Traceback (most recent call last):
File "C:\Users\...\PycharmProjects\DLLearn\datapreparation.py", line 31, in <module>
h5r.visititems(dump_calls2csv) #NOTE: function name is NOT a string!

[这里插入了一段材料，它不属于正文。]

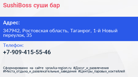 SushiBoss, суши-бар по адресу 347942, Ростовская область, Таганрог, 1-й Новый переулок, 35 в дальнейшем Организация, размещена в следующих категориях:
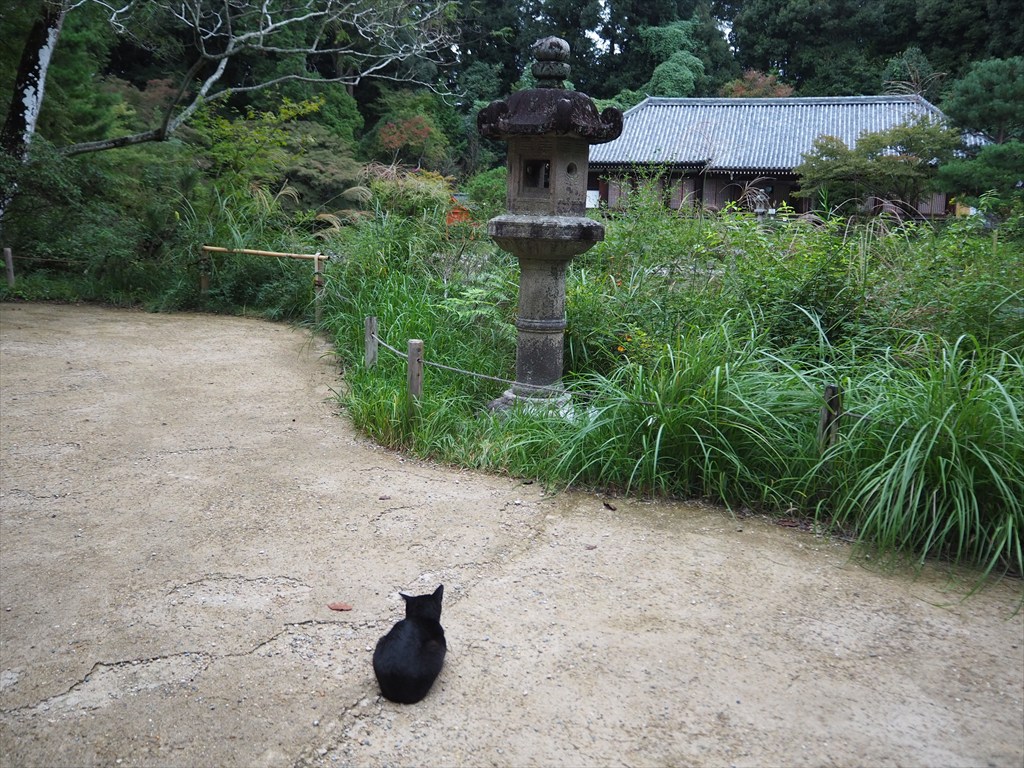 浄瑠璃寺では、優しいピンクの色彩の芙蓉の花はまだ阿弥陀堂を飾っていました。参道には萩や藤袴も残っています。また境内には猫も多く、あちこちで自由に動き回っていました。浄瑠璃寺へは、JR加茂駅からコミュニティバスのほか、JR奈良駅・近鉄奈良駅からのバスが「お茶の京都 木津川古寺巡礼バス」として、10月11日~12月7日の土日祝限定で運行しています。バスはいずれも本数は多くはないため、時間をよくご確認ください。

File "C:\Users\...\AppData\Local\Continuum\anaconda3\envs\DLLearn\lib\site-packages\h5py\_hl\group.py", line 565, in visititems
return h5o.visit(self.id, proxy)
File "h5py\_objects.pyx", line 54, in h5py._objects.with_phil.wrapper
File "h5py\_objects.pyx", line 55, in h5py._objects.with_phil.wrapper
File "h5py\h5o.pyx", line 355, in h5py.h5o.visit
File "h5py\defs.pyx", line 1641, in h5py.defs.H5Ovisit_by_name
File "h5py\h5o.pyx", line 302, in h5py.h5o.cb_obj_simple
File "C:\Users\...\AppData\Local\Continuum\anaconda3\envs\DLLearn\lib\site-packages\h5py\_hl\group.py", line 564, in proxy
return func(name, self[name])
File "C:\Users\...\PycharmProjects\DLLearn\datapreparation.py", line 10, in dump_calls2csv
np.savetxt(csv_name, arr, fmt='%5d', delimiter=',')
File "<__array_function__ internals>", line 6, in savetxt
File "C:\Users\...\AppData\Local\Continuum\anaconda3\envs\DLLearn\lib\site-packages\numpy\lib\npyio.py", line 1377, in savetxt
open(fname, 'wt').close()
OSError: [Errno 22] Invalid argument: 'Genotypes_Genotype_Name-Genotype_Name2_calls.csv'
Process finished with exit code 1
第二个代码的错误是:
C:\Users\...\AppData\Local\Continuum\anaconda3\envs\DLLearn\python.exe C:\Users\...\PycharmProjects\DLLearn\datapreparation.py
C:\Users\...\AppData\Local\Continuum\anaconda3\envs\DLLearn\lib\site-packages\tables\attributeset.py:308: DataTypeWarning: Unsupported type for attribute 'locked' in node 'Genotypes'. Offending HDF5 class: 8
value = self._g_getattr(self._v_node, name)
C:\Users\...\AppData\Local\Continuum\anaconda3\envs\DLLearn\lib\site-packages\tables\attributeset.py:308: DataTypeWarning: Unsupported type for attribute 'retainRareAlleles' in node 'Genotypes'. Offending HDF5 class: 8
value = self._g_getattr(self._v_node, name)
visiting object: /Genotypes/AlleleStates export data to CSV
Traceback (most recent call last):
File "C:\Users\...\AppData\Local\Continuum\anaconda3\envs\DLLearn\lib\site-packages\numpy\lib\npyio.py", line 1447, in savetxt
v = format % tuple(row) + newline
TypeError: %d format: a number is required, not numpy.bytes_
During handling of the above exception, another exception occurred:
Traceback (most recent call last):
File "C:\Users\...\PycharmProjects\DLLearn\datapreparation.py", line 40, in <module>
np.savetxt(csvfname, node.read(), fmt= '%d', delimiter=',')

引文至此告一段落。